А мужики разошлись рассказывать:
– Был и другой слух. Будто праведный государь не у свейской королевы, а в Варшаве, у короля. Король-то царя нашего тихого любит, как на солнышко красное на него глядит. И была будто бы от него весть Пскову, чтоб стояли псковичи против Хованского крепко. Государь-то скоро придет Пскову на выручку с казаками донскими и запорожскими.
И еще говорили:
– Был у нас проездом литвин с четырьмя бочками пороха. Торговать во Псков ехал. Говорил тот литвин, что на Москве от бояр измена. Псков за правду стоит. Государь-то де в Литве ныне. Наймует людей и хочет идти с ними Пскову на помощь.
Ордин-Нащокин поклонился народу и спросил:
– Есть ли поп в селе?
– Есть, – ответили с любопытством.
– Вы ему верите?
– Верим! Наш он человек. Заодно с нами всегда стоит.
– Пусть тогда придет к нам с крестом.
Поцеловал Афанасий Лаврентьевич крест немовского попа при всем немовском народе и сказал:
– Недобрые люди сбивают вас с пути праведного. Был я неделю тому назад в Москве, целовал руку государю. Государь плачет о псковском великом воровстве. Псковское воровство полякам да шведам на руку. Оттого и смущают вас литвины змеевитыми речами. Враг за доброе не похвалит. Враг хвалит за разлад наш промежду себя.
Знаю, кто об этих речах воровских печется. В Литве ныне сидит вор Тимошка Анкудинов. Он себя нарек сыном царя Василия Шуйского, а сам вор вологодский. В Москве жил, в подьячих. Спалил, сатана, дом с женою, бежал к полякам и теперь мутит праведных людей.
Не кричал Афанасий Лаврентьевич, на все вопросы отвечал толково и честно. Слушали его крестьяне и думали: «А ведь и впрямь – гоже ли творить то, что творится на Псковской земле? Кому от того прибыль? Земля скуднеет, вспахана кое-как. Урожай хил будет. Скот перевели. Никто честно не работает. Придет Литва – не устоять перед нею. Разброд кругом. Недоброе дело затеяли ярыжки псковские».
Ночь была темная и теплая. Казалось, пойдет дождик, все ждалось чего-то, душа томилась.
Под одеялом было жарко, в комнате тесно. И, не в силах более терпеть духоту и тяжесть, Гаврила вдруг сказал Варе:
– Пошли на волю, подышим!
– Пошли, – тут же согласилась Варя.
И Гавриле стало хорошо – и духота мигом забылась, и тяжесть пала с плеч. Вот она, верная жена, все понимает, все знает, любую прихоть стерпит, только люби, не обижай. Ну а коли на нее найдет – не перечь, дай дурости выйти наружу вон, чтоб легко жилось.

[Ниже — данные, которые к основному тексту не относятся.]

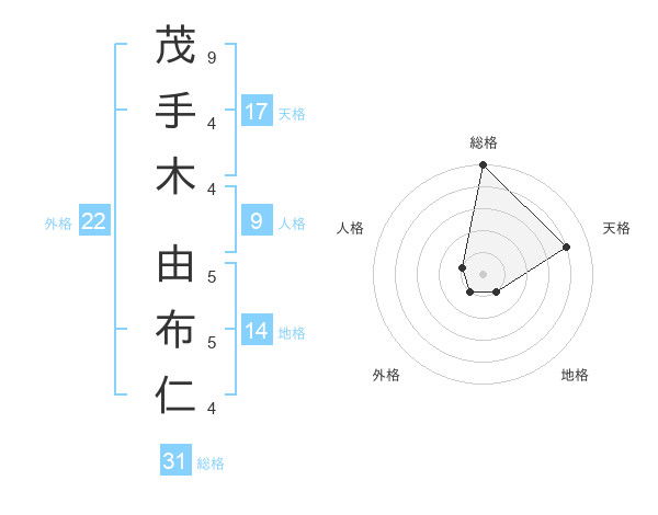 茂手木 由布仁さんの総格は31画の5点!

Тихонько, мать бы не разбудить, выбрались они из дому. А Пелагея не спала. Все она слышала и радовалась: вон какую умницу сыну присватала! Судьба его ждет – лучше и не думать какая. А Варя не робеет, знает, что всего-то для них одна весна уготовлена и лето – одно, а вот осени быть ли, не быть?

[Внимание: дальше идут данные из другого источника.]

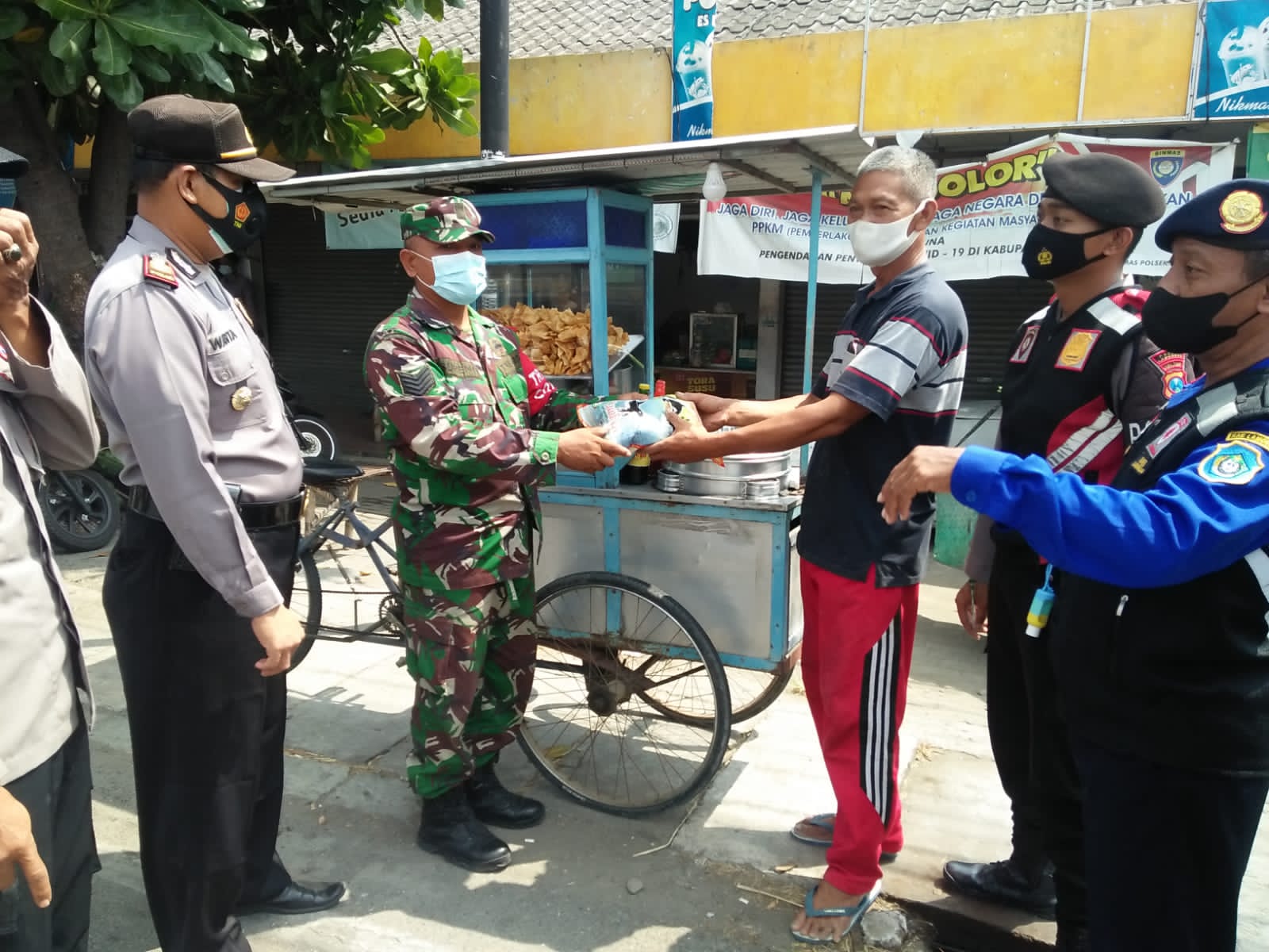 Selain patroli PPKM juga melaksanakan Bansos dengan Sasaran kepada warga dan Pedagang

Гаврила и Варя пошли за дом в огород. Сели на бревнышко. И затаились. Тихо было во Пскове. И на всей земле было тихо. И в небе. Прижалась Варя виском к щеке Гаврилы доверчиво. И Гавриле спокойно стало, силу в себе почуял. Положил Варе руку на плечо: никто, мол, и никогда не посмеет тебя, любимая, обидеть.

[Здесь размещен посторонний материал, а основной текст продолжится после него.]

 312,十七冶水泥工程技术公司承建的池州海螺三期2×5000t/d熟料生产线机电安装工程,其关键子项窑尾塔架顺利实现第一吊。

И подумал о Пскове, и сказал себе: никто и никогда не посмеет, город мой, обидеть тебя. И все люди показались ему детьми родными. А Варя сказала ему вдруг:
– Мальчишечку хочется, сыночка твоего, Гаврилку.
Как пушиночку поднял Гаврила на руки Варю. И сел.
Голова закружилась – захватило дух.
И поклялся в тот миг про себя Гаврила суровой клятвой: стоять Пскову твердыней, покуда государь не послушает голоса людей меньших. Уж коли жить, так всем, коли хлеб жевать, так чтоб у каждого кус был. Уж коли суд, так суд по вине, а не по деньгам.